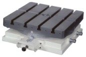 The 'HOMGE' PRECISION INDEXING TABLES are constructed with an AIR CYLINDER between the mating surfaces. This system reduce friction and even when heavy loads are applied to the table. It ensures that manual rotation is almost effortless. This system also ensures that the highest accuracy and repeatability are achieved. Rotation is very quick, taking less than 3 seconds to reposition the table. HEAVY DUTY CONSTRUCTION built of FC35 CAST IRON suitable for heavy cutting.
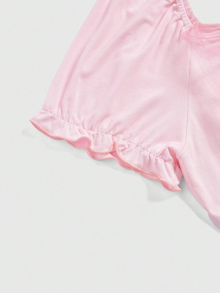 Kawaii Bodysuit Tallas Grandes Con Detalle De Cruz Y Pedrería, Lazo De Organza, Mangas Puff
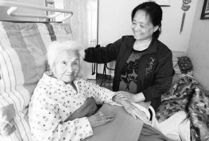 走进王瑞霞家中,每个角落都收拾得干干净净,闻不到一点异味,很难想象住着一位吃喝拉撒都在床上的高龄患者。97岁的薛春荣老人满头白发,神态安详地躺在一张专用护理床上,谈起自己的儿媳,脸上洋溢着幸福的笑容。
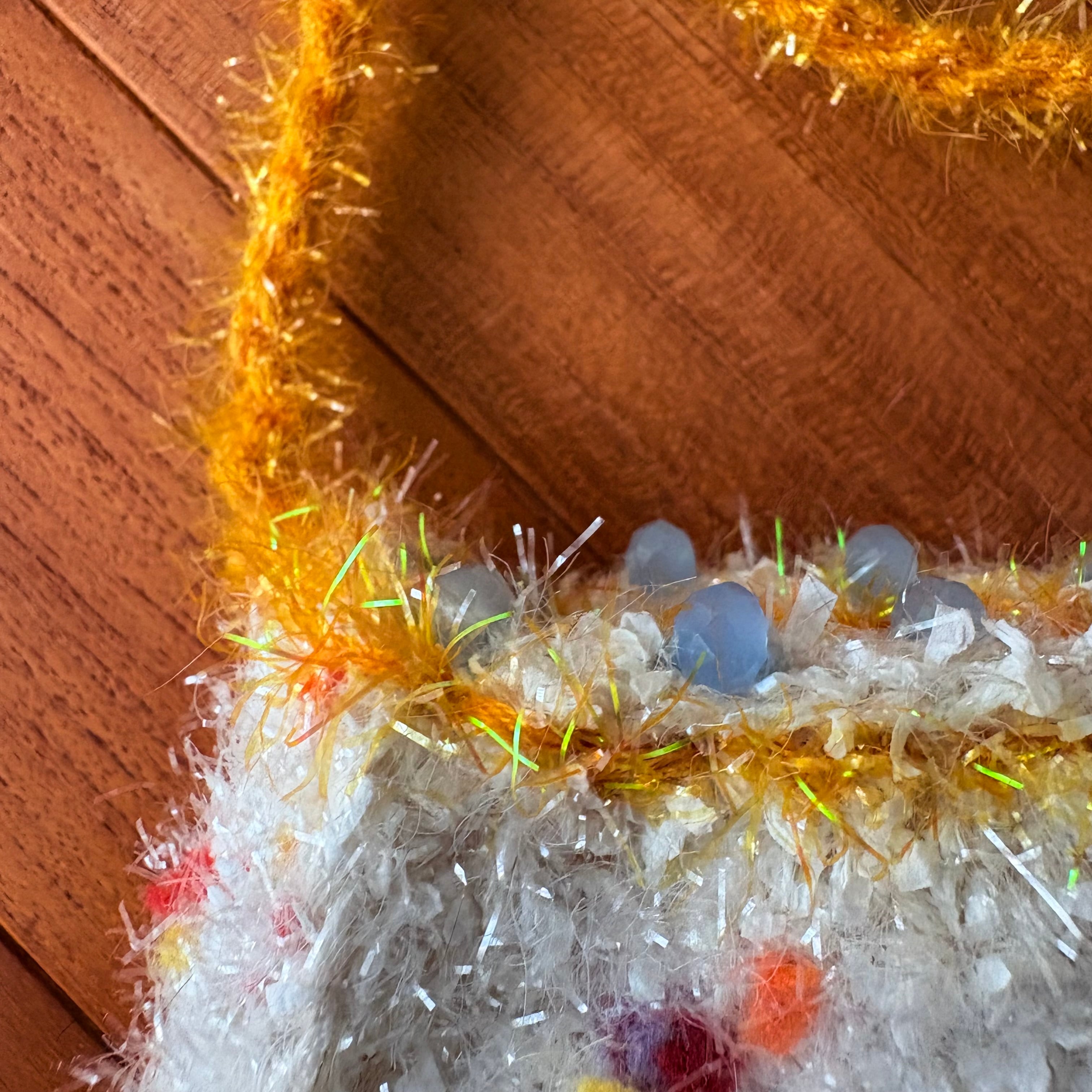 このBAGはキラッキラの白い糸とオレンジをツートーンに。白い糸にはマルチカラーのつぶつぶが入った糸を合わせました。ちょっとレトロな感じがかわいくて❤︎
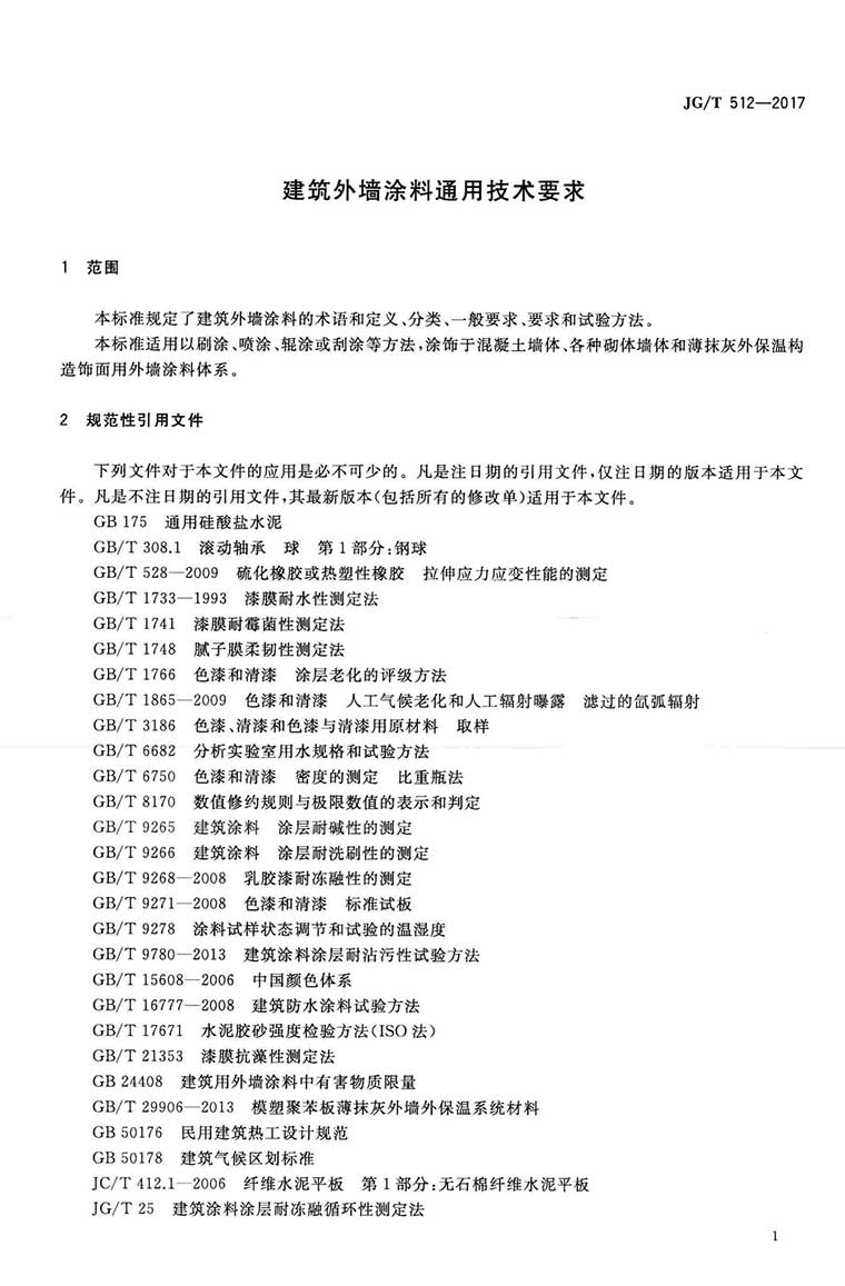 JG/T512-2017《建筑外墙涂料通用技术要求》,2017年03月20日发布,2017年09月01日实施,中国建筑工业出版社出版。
_ _ _
# Work item
From the line containing "このBAGはキラッキラの白い" through the last line of the data above, write out every line word for word, and nothing else. Do not include the pictures.

# Answer
 このBAGはキラッキラの白い糸とオレンジをツートーンに。白い糸にはマルチカラーのつぶつぶが入った糸を合わせました。ちょっとレトロな感じがかわいくて❤︎
 JG/T512-2017《建筑外墙涂料通用技术要求》,2017年03月20日发布,2017年09月01日实施,中国建筑工业出版社出版。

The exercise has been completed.